While the broad contours of care work are increasingly widely accepted, certain considerations continue to complicate the delineation of care work, the boundaries between care work and non-care work, and the applicability of concepts, definitions, and terminology across different forms of work and economic units, with important implications for production of statistics. Box two summarises selected priority areas for the statistical standard-setting process.

Box two: Priority areas for the standard-setting process

Conceptual considerations for standard setting

  • Defining the boundaries of care work performed as different forms of work (and subsets thereof), with reference to relevant international classification scheme(s)
  • Defining meaningful sub-categories of unpaid and paid care work performed as different forms of work, in line with existing international standards (e.g., differentiated by economic unit) and user needs (e.g., separate identification of “long-term care”)
  • Defining appropriate terminology for care work performed within different forms of work and for those persons performing it.

Measurement considerations for standard setting

  • Defining measurement criteria for the concept of care work performed within different forms of work.
  • Developing indicator frameworks
  • Defining sub-groups for disaggregation at activity, unit, geographical, and person level, in line with national context and taking account of the statistical precision of the estimates

Data availability

  • Mapping the extent to which existing – and forthcoming – data sources (primarily labour force surveys and time-use surveys) are compatible with the concept of care work performed within different forms of work

The topic of care work is highly integrated with existing ICLS standards and classification schemes, and other areas of work led by the ILO (including the release of new guidance and tools to support the measurement of unpaid domestic and care work in national labour force surveys). Ongoing work, coordinated by the ILO, to update of the International Standard Classification of Occupations (ISCO-08), can inform, and be informed by, the development of statistical standards for care work. Additional international classification schemes, including the International Standard Industrial Classification of All Economic Activities (ISIC) and the International Classification of Activities for Time-Use Statistics (ICATUS) provide further important inputs.

The ILO’s programme of work to develop international statistical standards, definitions, and an allied measurement framework for care work has emerged at a pivotal moment, amidst unprecedented interest in the topic of care work and care economy at international, regional, and national levels.

Following an initial round of scoping work, a Working Group of Experts, representing ILO constituents, will be assembled to support the statistical standard setting process.

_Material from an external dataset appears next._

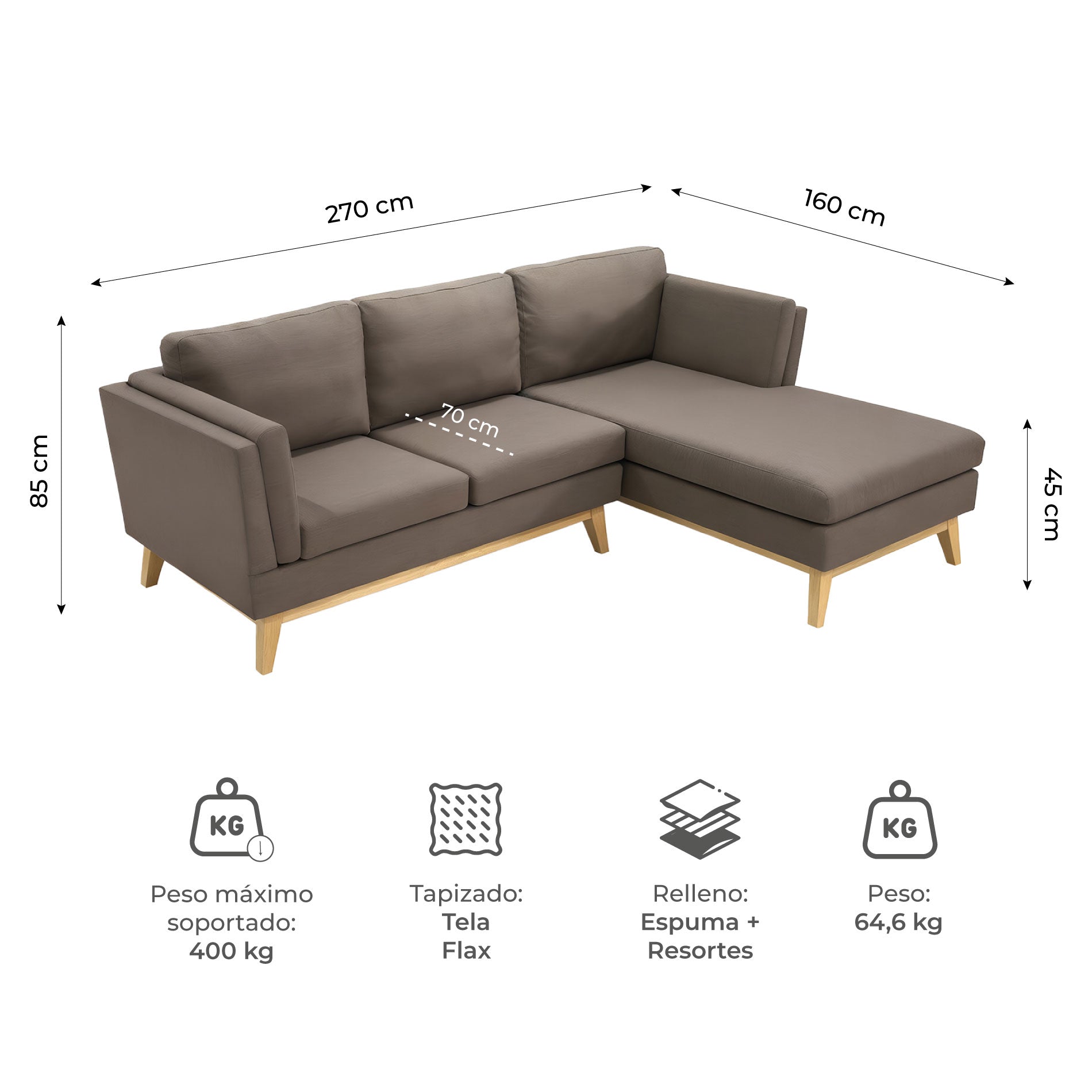 - Medidas sofá: 270 cm largo x 160 cm profundidad x 85 cm alto

This process will advance through the exchange of national experiences, practices, measurement objectives, and policy priorities. The resulting harmonised recommendations will be presented for discussion and adoption at the 22nd ICLS.

Recognising that new standards are necessary but not sufficient, the ILO is engaged in parallel work to support countries to measure paid and unpaid care work through labour force surveys aligned to existing statistical standards, as contained in the 19th, 20th, and 21st ICLS. The motivation for this work is to provide interim statistics on key dimensions of care work, to ensure that the forthcoming statistical framework and related guidance reflect practical and evidence-based approaches, and to prepare the groundwork for timely and sustainable implementation of the standards once adopted.